The nature of matters that fall in the gap is particularly concerning. Assistance with family law matters, including domestic violence and care and protection of children, is not comprehensive in its coverage. The Commission finds the gap in independent lawyer services for children especially worrying. Other gaps in civil law assistance, such as employment and tenancy law, can also have serious consequences.

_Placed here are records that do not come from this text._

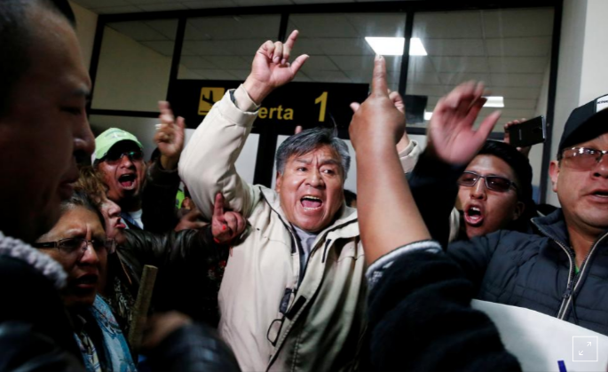 LA PAZ (Reuters) – A protest leader traveling to Bolivia’s capital to push for President Evo Morales’ resignation reversed course on Tuesday after government supporters staked out an airport chanting for his removal, authorities said.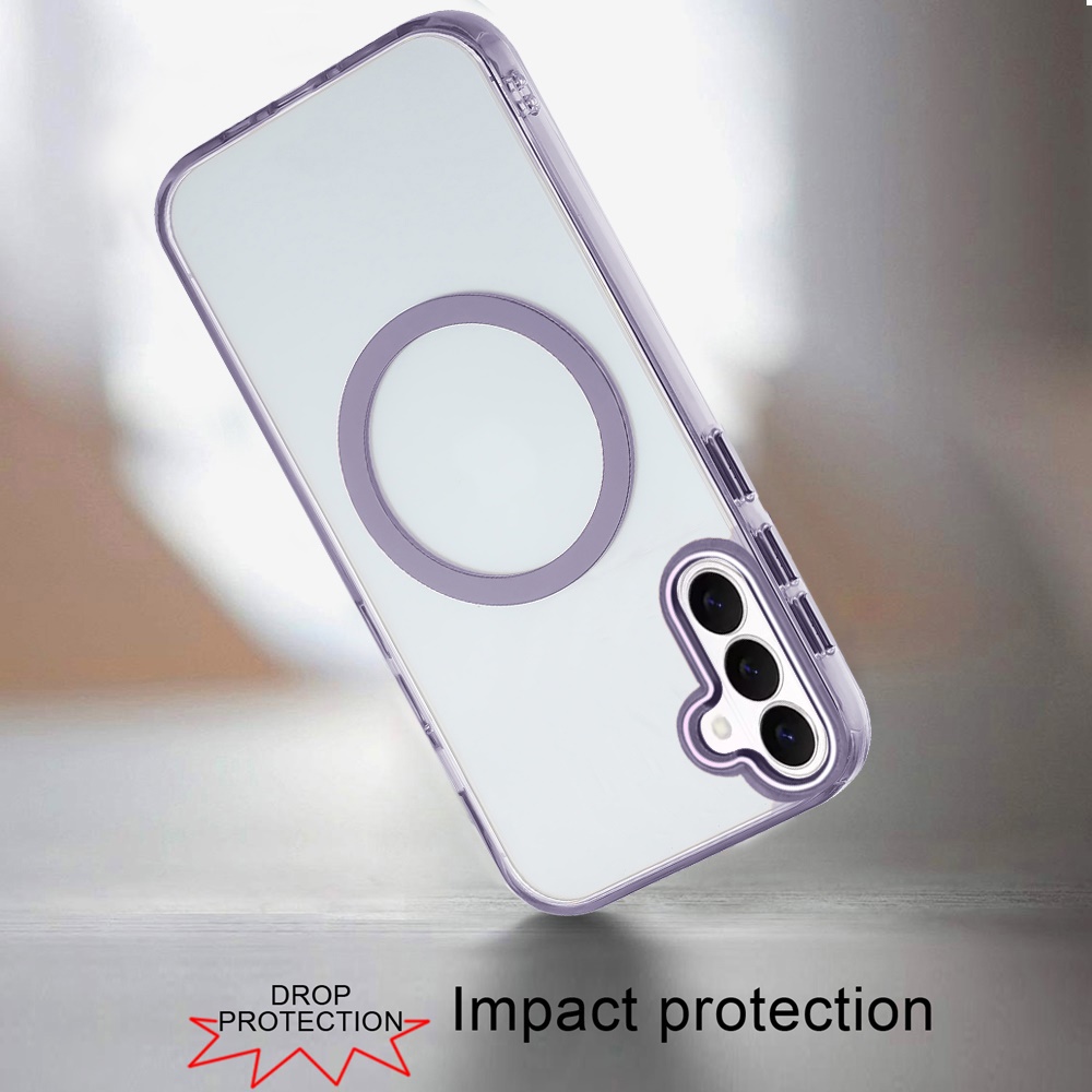For Samsung s26 Magnetic Circle Ring Transparent Premium Acrylic with Metal Buttons & Camera Raised Lip - Light Purple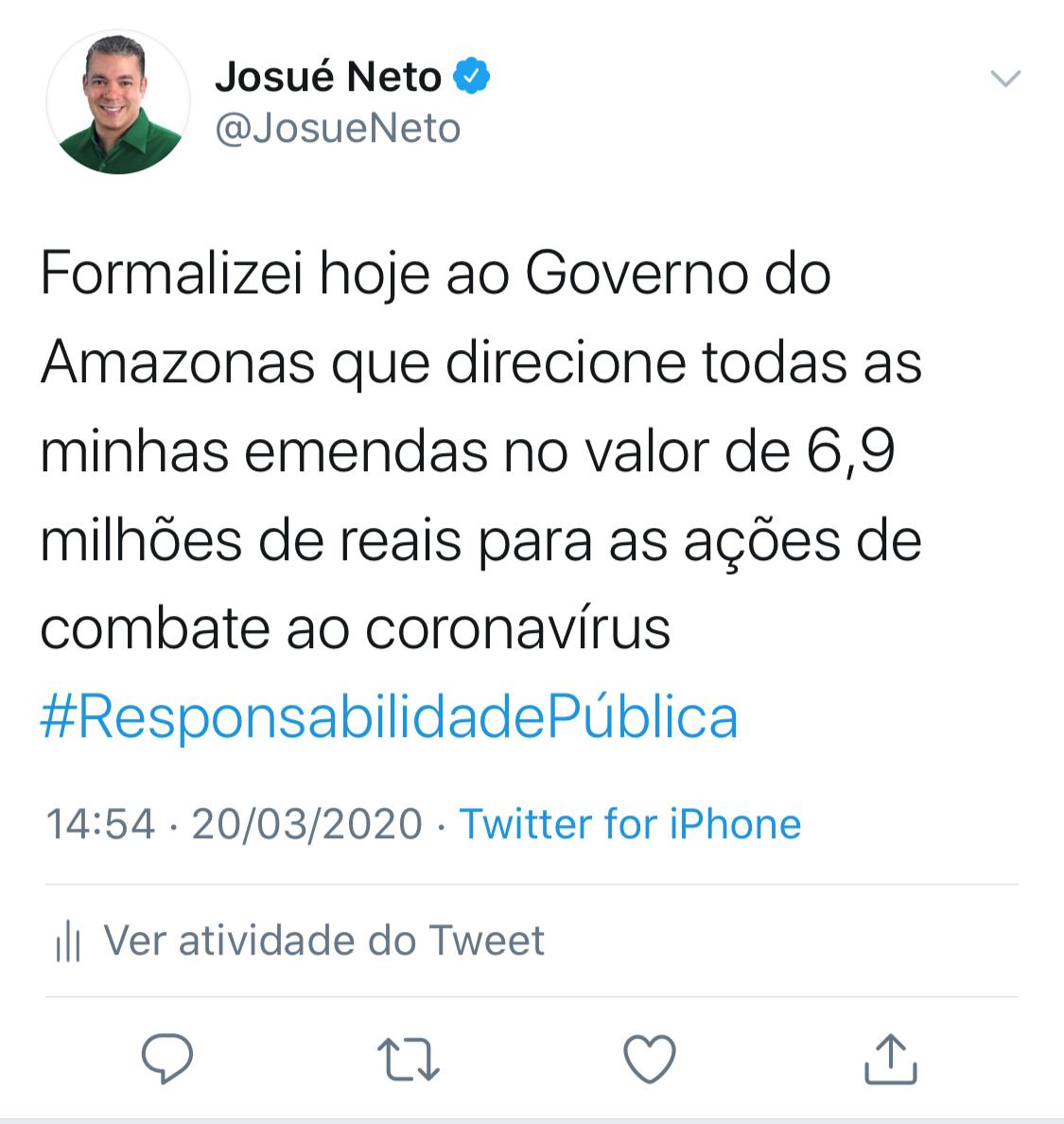 Através de ofício encaminhado ao Governado Wilson Lima e ao secretário Estadual de Saúde, Rodrigo Tobias, Josué sugere que os recursos sejam utilizados “para fins de prevenção à infecção e à propagação do COVID-19, no âmbito do Estado do Amazonas” e sugere que os recursos “sejam voltados para a aquisição de EPI´S (equipamentos de proteção individual) específicos para os profissionais de saúde que lidam diretamente com os pacientes acometidos pelo COVID-19; aquisição de equipamentos para UTI´S como respiradores mecânicos e demais equipamentos de suporte à vida; investimentos em equipamentos modernos, insumos e materiais para o mais rápido diagnóstico dos portadores do Coronavírus junto ao LACEN – AM”.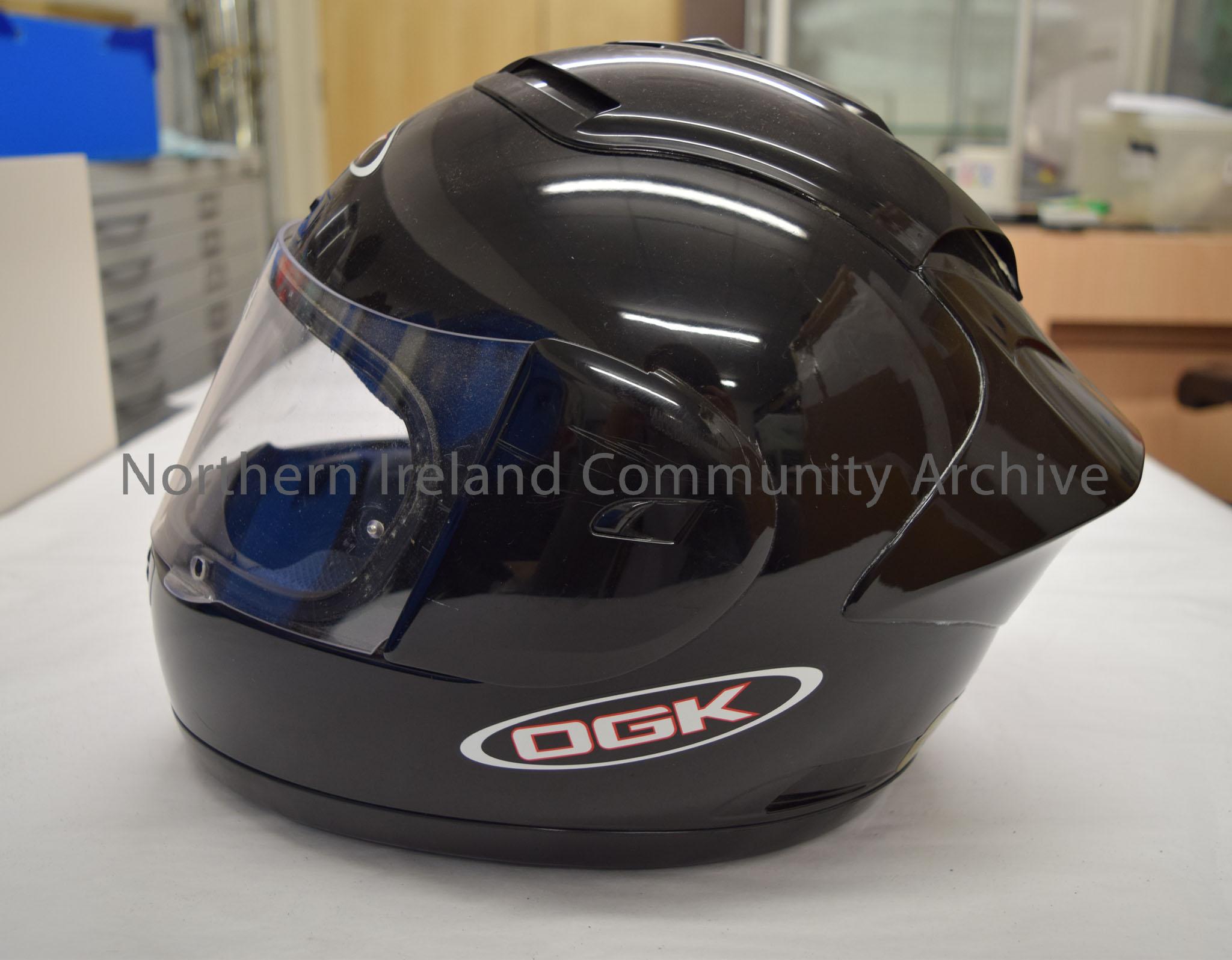 OGK helmet belonging to Ben Smith. Plain black. – 2016.34 (3)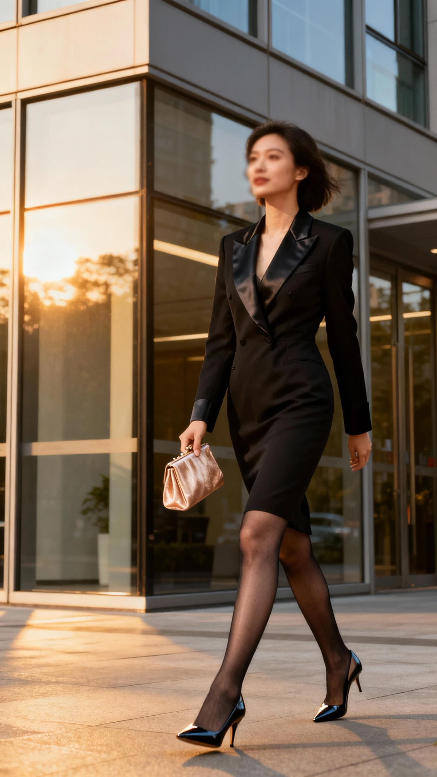 - Black tuxedo dress (double-breasted, nipped waist, mid-thigh to knee length)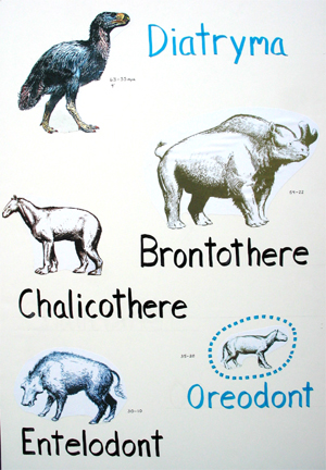 Oreodont - Small, sheeplike creatures that were abundant good food for carnivores from 35 to 20 million years ago. They evolved in North America and never spread beyond this continent (hence the turquoise circle).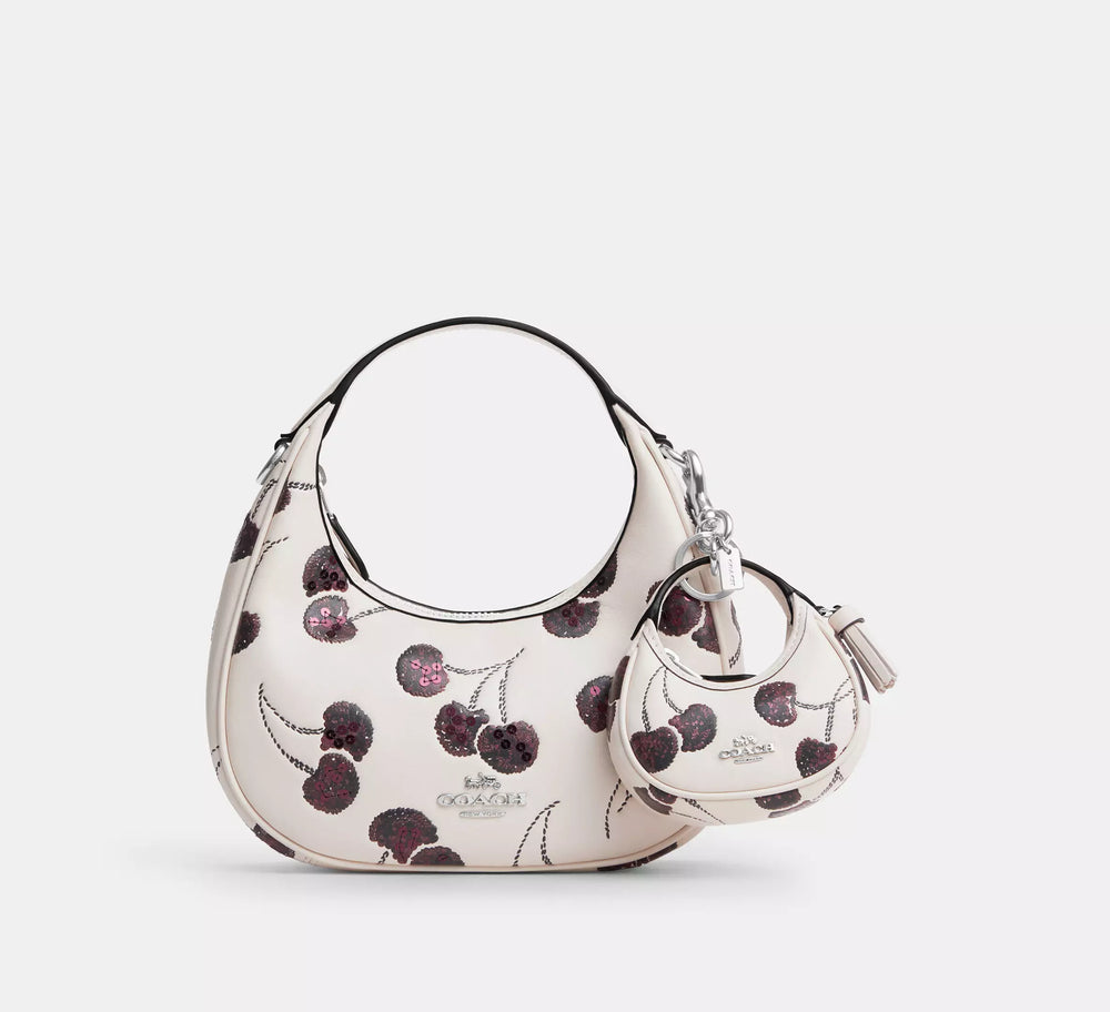 Coach Carmen Bag Charm With Cherry Print - Silver/Chalk Multi

The present means tests used by the LACs are restrictive, reflecting the limited funds available. The income tests are below many established measures of relative poverty. It is not the case that people are ‘too wealthy’ to be eligible for legal assistance, but rather that they are ‘not sufficiently impoverished’.

There is overwhelming qualitative evidence that narrowing the gap would be socially and economically justified. However, the costs to society, and the benefits of closing the gap, are difficult to measure quantitatively … the Commission has instead used an approach that derives funding by comparing the current reach of services against what it judges to be reasonable benchmarks (such as poverty and legal need).

The Commission has estimated that additional funding from the Australian and state and territory governments of around $200 million a year is needed to:

• better align the means test used by LACs with other measures of disadvantage • maintain existing frontline services that have a demonstrated benefit to the community • allow legal assistance providers to offer a greater number of services in areas of law that have not previously attracted funding.

Advocating for increases in funding (however modest) in a time of fiscal tightening is challenging. However, not providing legal assistance in these instances can be a false economy as the costs of unresolved problems are often shifted to other areas of government spending such as health care, housing and child protection. Numerous Australian and overseas studies show that there are net public benefits from legal assistance expenditure. As former Chief Justice Gleeson commented: The expense which governments incur in funding legal aid is obvious and measurable. What is not so obvious, and not so easily measurable, but what is real and substantial, is the cost of the delay, disruption and inefficiency, which results from absence or denial of legal representation. Much of that cost is also borne, directly or indirectly, by governments. Providing legal aid is costly. So is not providing legal aid. (Law Council of Australia, sub. 96, p. 114, quoting State of Judicature, speech delivered at the Australian Legal Convention, 10 October 1999) (p. 30-31 Inquiry report overview)

LAQ commends the Productivity Commission report to the committee.